:: What is being asked ::
An exact retyping of all lines below is the answer; pictures do not belong in it.

:: Recorded information ::
[Start of section]
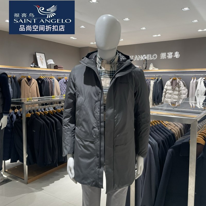 报喜鸟男士羽绒服中长款外套正品24秋冬款连帽保暖白鸭绒休闲上衣
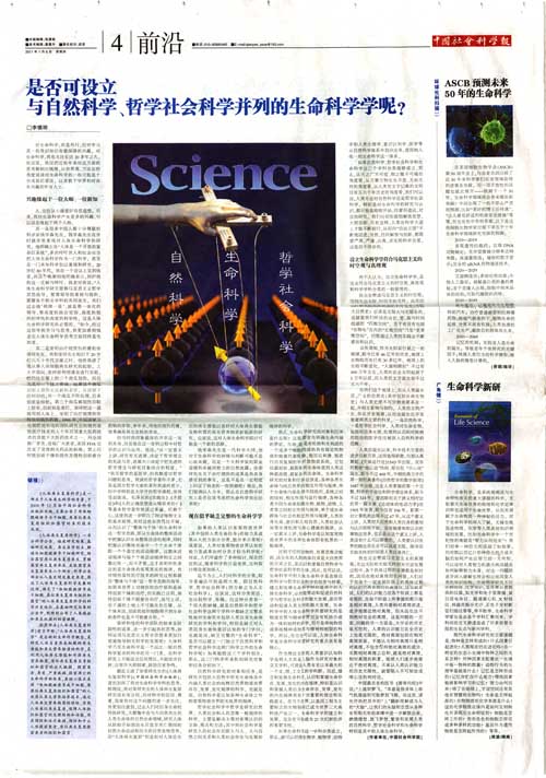 《中國(guó)社會(huì)科學(xué)報(bào)》:是否可設(shè)立與自然科學(xué)、哲學(xué)社會(huì)科學(xué)并列的生命科學(xué)學(xué)呢?
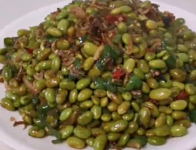 6:接着,合入已焯熟的毛豆翻炒一下。
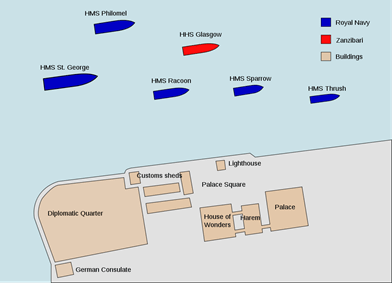 Η Ζανζιβάρη είναι νησιωτική χώρα στον Ινδικό Ωκεανό, κοντά στην ακτή της πρώην Τανγκανίκας, που σήμερα αποτελεί τμήμα της Τανζανίας. Το νησί από το 1698 βρίσκονταν υπό τον έλεγχο του Σουλτάνου του Ομάν όταν έδιωξε τους Πορτογάλους αποίκους οι οποίοι το διεκδικούσαν από το 1499. Ο Σουλτάνος Ματζίντ μπιν Σαΐντ το 1858 ανακήρυξε το νησί ανεξάρτητο από το Ομάν, κίνηση που αναγνωρίστηκε από την Μεγάλη Βρετανία. Οι επόμενοι Σουλτάνοι εγκατέστησαν την πρωτεύουσα και την έδρα της κυβέρνησής τους στην Πόλη της Ζανζιβάρης όπου χτίστηκε και το σύμπλεγμα του παλατιού στην ακτή της. Το 1896 το σύμπλεγμα αποτελείτο από το παλάτι, το χαρέμι Μπεΐτ αλ Χούκμ και το Μπεΐτ αλ Χατζαΐμπ ή «Σπίτι των Θαυμάτων»—ένα επίσημο οίκημα που λέγεται ότι ήταν το πρώτο κτήριο στην Ανατολική Αφρική που ηλεκτροδοτήθηκε. Το σύμπλεγμα κατασκευάστηκε κατά κύριο λόγο από τοπική ξυλεία, δεν διέθετε κάποιου είδους οχύρωση και τα τρία κύρια κτίσματα ήταν το ένα δίπλα στο άλλο σε ευθεία και συνδέονταν με ξύλινες σκεπαστές γέφυρες.
[End of section]
:: Task result ::
 报喜鸟男士羽绒服中长款外套正品24秋冬款连帽保暖白鸭绒休闲上衣
 《中國(guó)社會(huì)科學(xué)報(bào)》:是否可設(shè)立與自然科學(xué)、哲學(xué)社會(huì)科學(xué)并列的生命科學(xué)學(xué)呢?
 6:接着,合入已焯熟的毛豆翻炒一下。
 Η Ζανζιβάρη είναι νησιωτική χώρα στον Ινδικό Ωκεανό, κοντά στην ακτή της πρώην Τανγκανίκας, που σήμερα αποτελεί τμήμα της Τανζανίας. Το νησί από το 1698 βρίσκονταν υπό τον έλεγχο του Σουλτάνου του Ομάν όταν έδιωξε τους Πορτογάλους αποίκους οι οποίοι το διεκδικούσαν από το 1499. Ο Σουλτάνος Ματζίντ μπιν Σαΐντ το 1858 ανακήρυξε το νησί ανεξάρτητο από το Ομάν, κίνηση που αναγνωρίστηκε από την Μεγάλη Βρετανία. Οι επόμενοι Σουλτάνοι εγκατέστησαν την πρωτεύουσα και την έδρα της κυβέρνησής τους στην Πόλη της Ζανζιβάρης όπου χτίστηκε και το σύμπλεγμα του παλατιού στην ακτή της. Το 1896 το σύμπλεγμα αποτελείτο από το παλάτι, το χαρέμι Μπεΐτ αλ Χούκμ και το Μπεΐτ αλ Χατζαΐμπ ή «Σπίτι των Θαυμάτων»—ένα επίσημο οίκημα που λέγεται ότι ήταν το πρώτο κτήριο στην Ανατολική Αφρική που ηλεκτροδοτήθηκε. Το σύμπλεγμα κατασκευάστηκε κατά κύριο λόγο από τοπική ξυλεία, δεν διέθετε κάποιου είδους οχύρωση και τα τρία κύρια κτίσματα ήταν το ένα δίπλα στο άλλο σε ευθεία και συνδέονταν με ξύλινες σκεπαστές γέφυρες.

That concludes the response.